#### [Listed records]
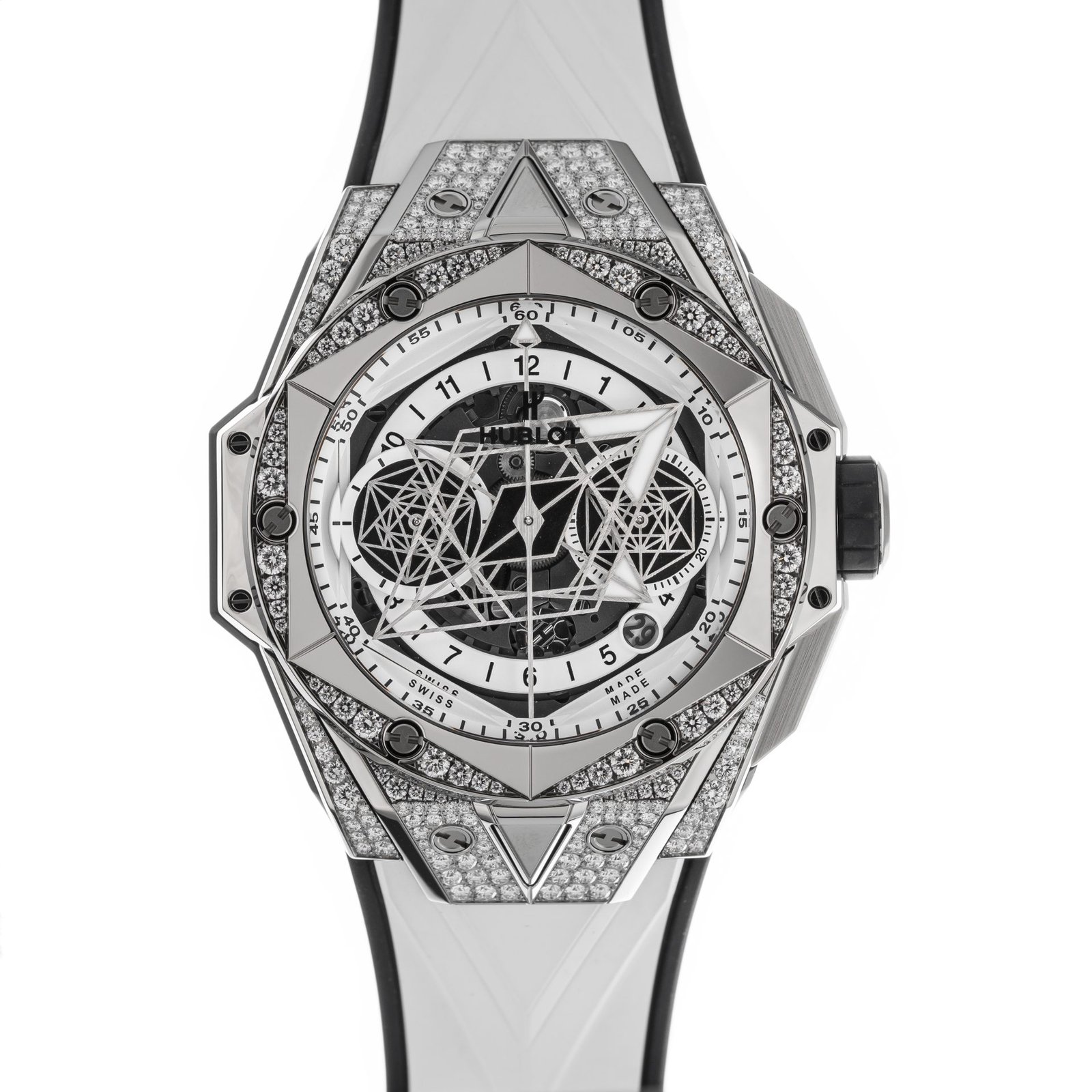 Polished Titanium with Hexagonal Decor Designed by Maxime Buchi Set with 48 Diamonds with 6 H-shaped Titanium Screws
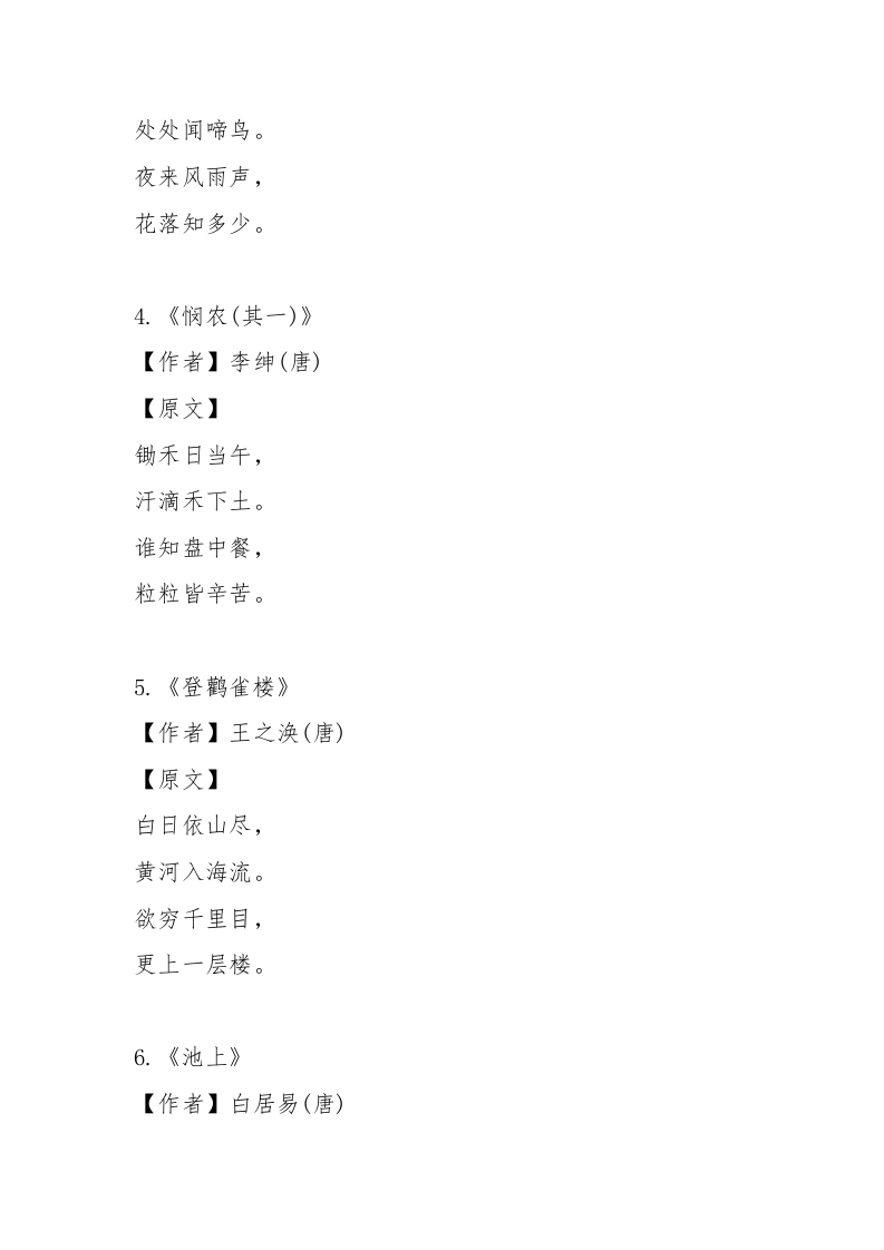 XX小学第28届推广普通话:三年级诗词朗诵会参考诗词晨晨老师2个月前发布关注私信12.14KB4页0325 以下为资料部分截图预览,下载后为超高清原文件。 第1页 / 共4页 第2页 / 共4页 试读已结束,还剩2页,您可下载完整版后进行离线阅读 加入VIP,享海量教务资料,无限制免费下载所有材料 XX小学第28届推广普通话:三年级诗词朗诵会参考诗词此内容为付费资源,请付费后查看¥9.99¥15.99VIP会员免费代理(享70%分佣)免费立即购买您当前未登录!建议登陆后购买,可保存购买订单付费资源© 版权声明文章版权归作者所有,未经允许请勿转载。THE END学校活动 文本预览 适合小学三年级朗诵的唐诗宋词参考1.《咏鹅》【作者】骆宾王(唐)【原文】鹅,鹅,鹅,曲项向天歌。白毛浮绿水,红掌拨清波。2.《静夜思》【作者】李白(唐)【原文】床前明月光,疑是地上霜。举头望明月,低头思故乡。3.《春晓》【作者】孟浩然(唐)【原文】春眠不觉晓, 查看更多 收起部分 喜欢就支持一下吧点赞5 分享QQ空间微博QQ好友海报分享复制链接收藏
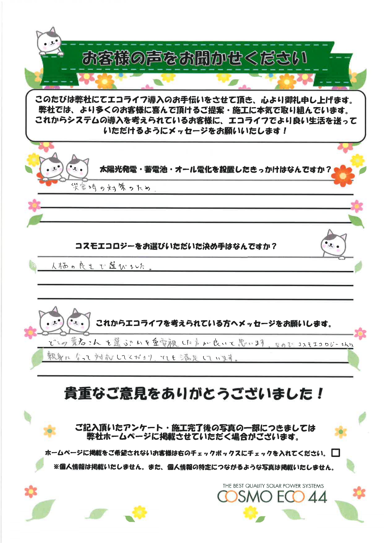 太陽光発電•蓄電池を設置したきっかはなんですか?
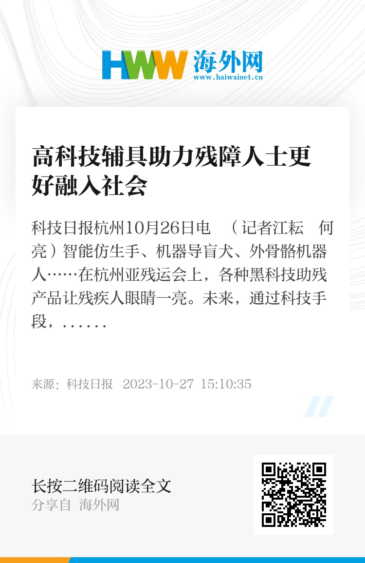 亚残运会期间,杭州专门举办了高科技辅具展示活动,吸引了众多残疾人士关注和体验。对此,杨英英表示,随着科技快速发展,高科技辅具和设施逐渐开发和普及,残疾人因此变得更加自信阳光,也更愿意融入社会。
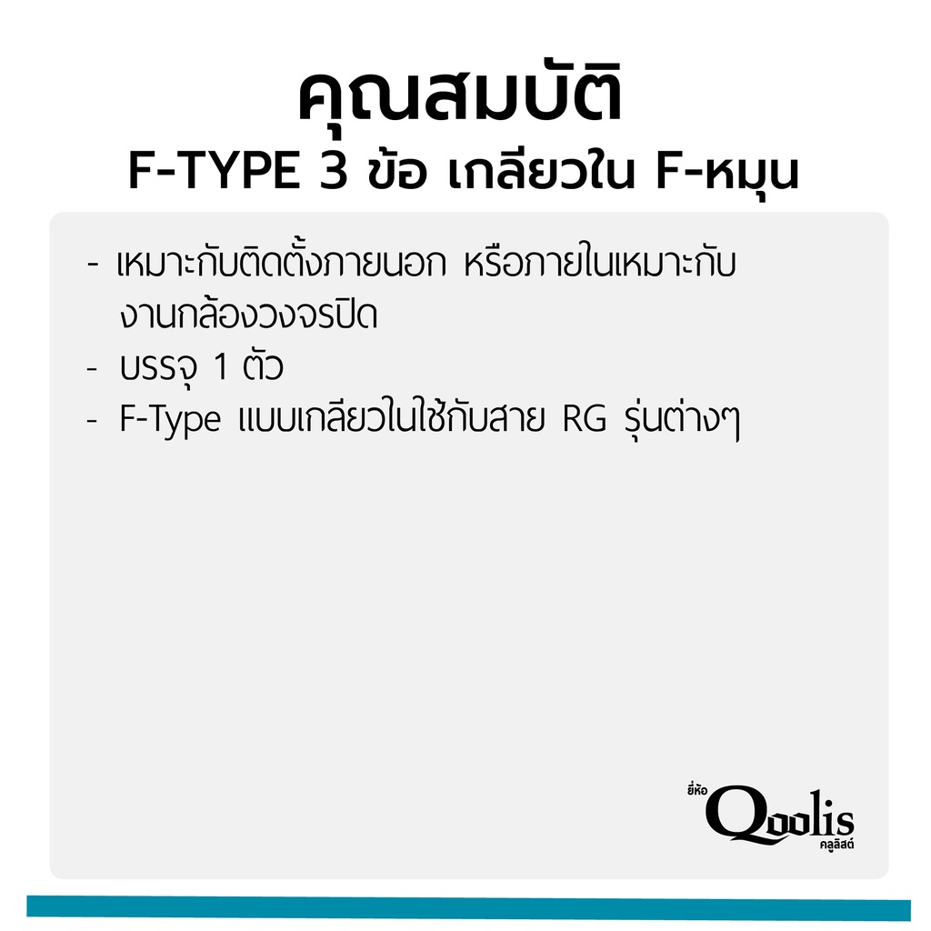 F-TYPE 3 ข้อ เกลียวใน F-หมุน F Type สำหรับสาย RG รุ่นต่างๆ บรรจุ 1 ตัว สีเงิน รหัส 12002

...

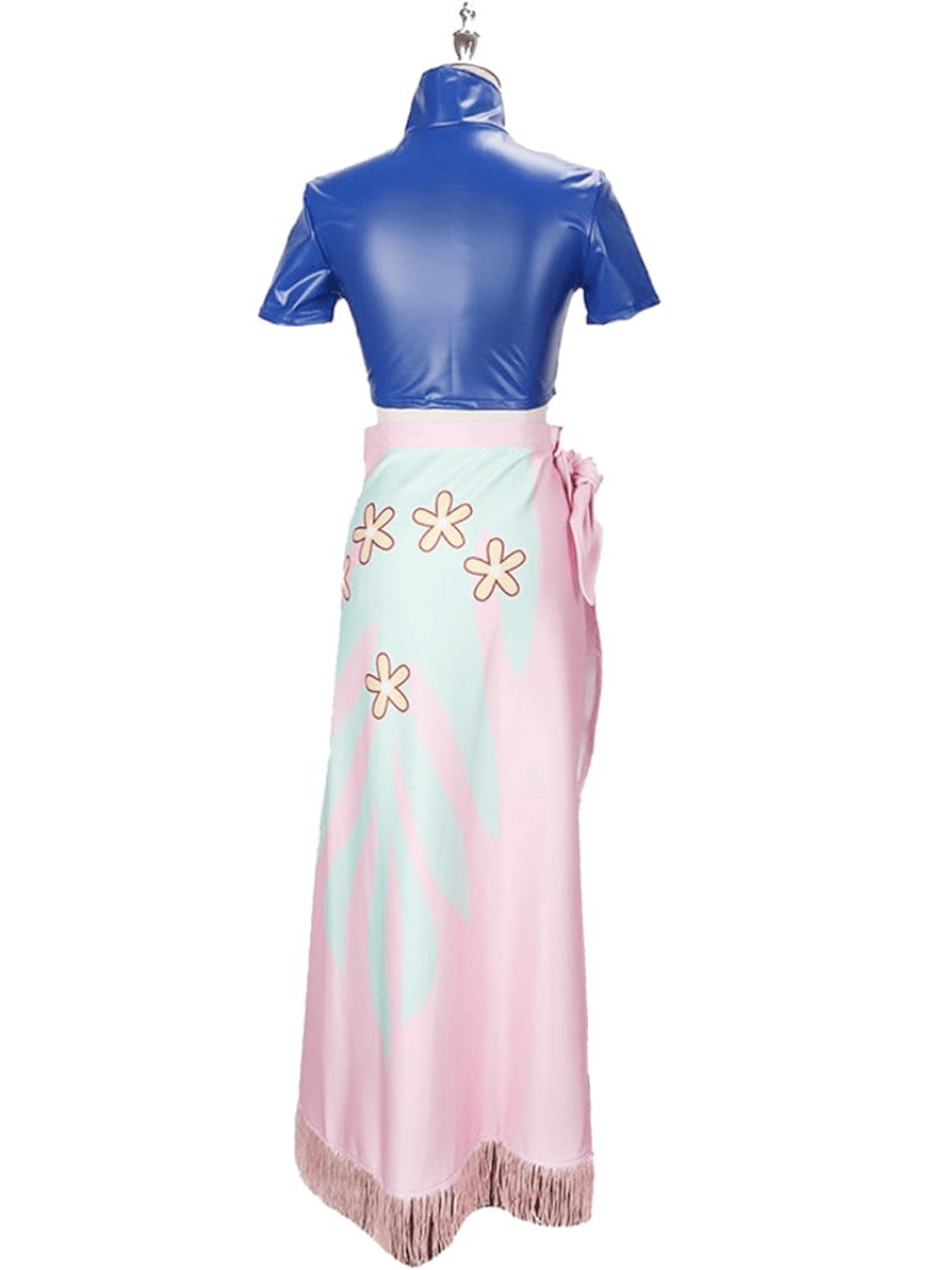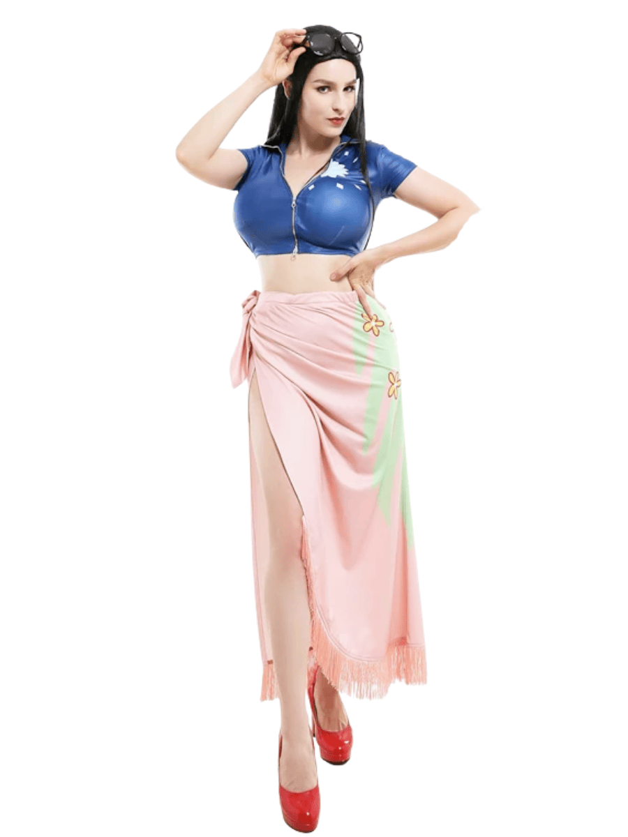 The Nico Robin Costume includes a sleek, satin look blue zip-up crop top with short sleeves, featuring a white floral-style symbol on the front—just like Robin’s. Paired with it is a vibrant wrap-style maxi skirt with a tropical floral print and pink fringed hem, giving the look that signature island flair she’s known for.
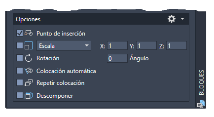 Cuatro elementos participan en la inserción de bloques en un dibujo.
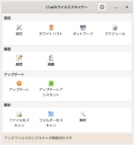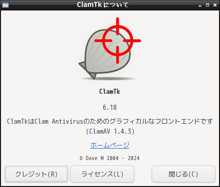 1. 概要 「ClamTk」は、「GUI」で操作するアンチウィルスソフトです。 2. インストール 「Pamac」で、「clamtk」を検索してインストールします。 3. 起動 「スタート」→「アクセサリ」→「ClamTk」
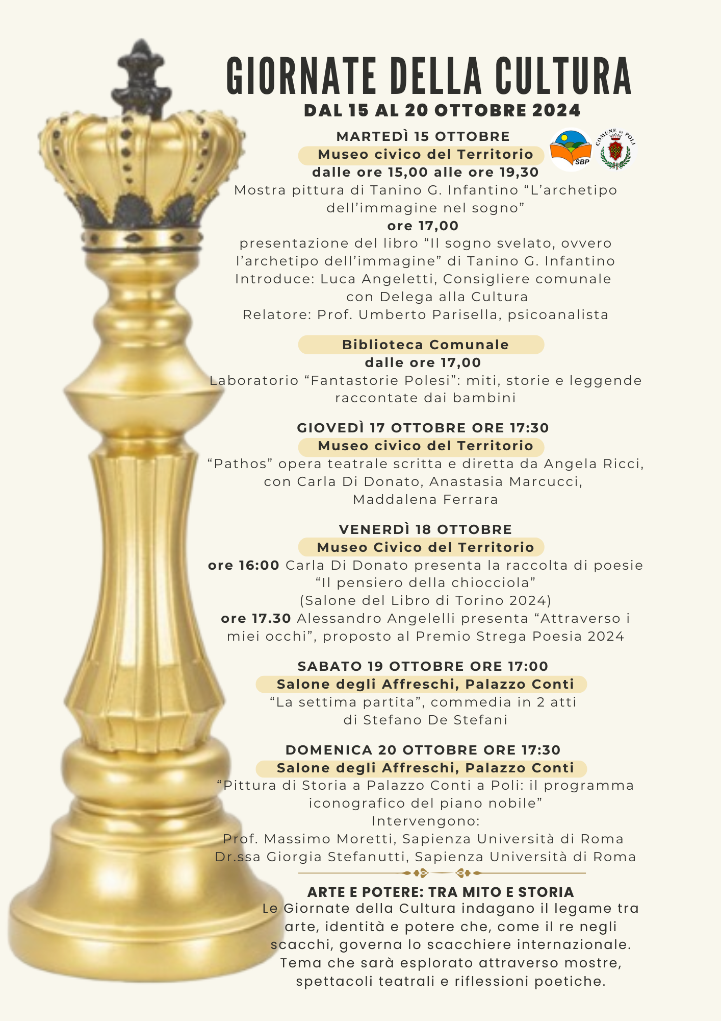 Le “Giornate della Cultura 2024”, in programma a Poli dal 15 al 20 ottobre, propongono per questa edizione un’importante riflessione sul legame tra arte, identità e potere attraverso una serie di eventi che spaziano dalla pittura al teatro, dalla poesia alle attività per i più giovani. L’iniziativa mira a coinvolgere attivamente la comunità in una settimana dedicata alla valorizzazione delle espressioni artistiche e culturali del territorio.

#### [Instructions for the task]
Word for word, restate the lines above from the one with "Polished Titanium with" through the one with "F-TYPE 3 ข้อ", keeping both ends and dropping the pictures.

#### [Solution]
 Polished Titanium with Hexagonal Decor Designed by Maxime Buchi Set with 48 Diamonds with 6 H-shaped Titanium Screws
 XX小学第28届推广普通话:三年级诗词朗诵会参考诗词晨晨老师2个月前发布关注私信12.14KB4页0325 以下为资料部分截图预览,下载后为超高清原文件。 第1页 / 共4页 第2页 / 共4页 试读已结束,还剩2页,您可下载完整版后进行离线阅读 加入VIP,享海量教务资料,无限制免费下载所有材料 XX小学第28届推广普通话:三年级诗词朗诵会参考诗词此内容为付费资源,请付费后查看¥9.99¥15.99VIP会员免费代理(享70%分佣)免费立即购买您当前未登录!建议登陆后购买,可保存购买订单付费资源© 版权声明文章版权归作者所有,未经允许请勿转载。THE END学校活动 文本预览 适合小学三年级朗诵的唐诗宋词参考1.《咏鹅》【作者】骆宾王(唐)【原文】鹅,鹅,鹅,曲项向天歌。白毛浮绿水,红掌拨清波。2.《静夜思》【作者】李白(唐)【原文】床前明月光,疑是地上霜。举头望明月,低头思故乡。3.《春晓》【作者】孟浩然(唐)【原文】春眠不觉晓, 查看更多 收起部分 喜欢就支持一下吧点赞5 分享QQ空间微博QQ好友海报分享复制链接收藏
 太陽光発電•蓄電池を設置したきっかはなんですか?
 亚残运会期间,杭州专门举办了高科技辅具展示活动,吸引了众多残疾人士关注和体验。对此,杨英英表示,随着科技快速发展,高科技辅具和设施逐渐开发和普及,残疾人因此变得更加自信阳光,也更愿意融入社会。
 F-TYPE 3 ข้อ เกลียวใน F-หมุน F Type สำหรับสาย RG รุ่นต่างๆ บรรจุ 1 ตัว สีเงิน รหัส 12002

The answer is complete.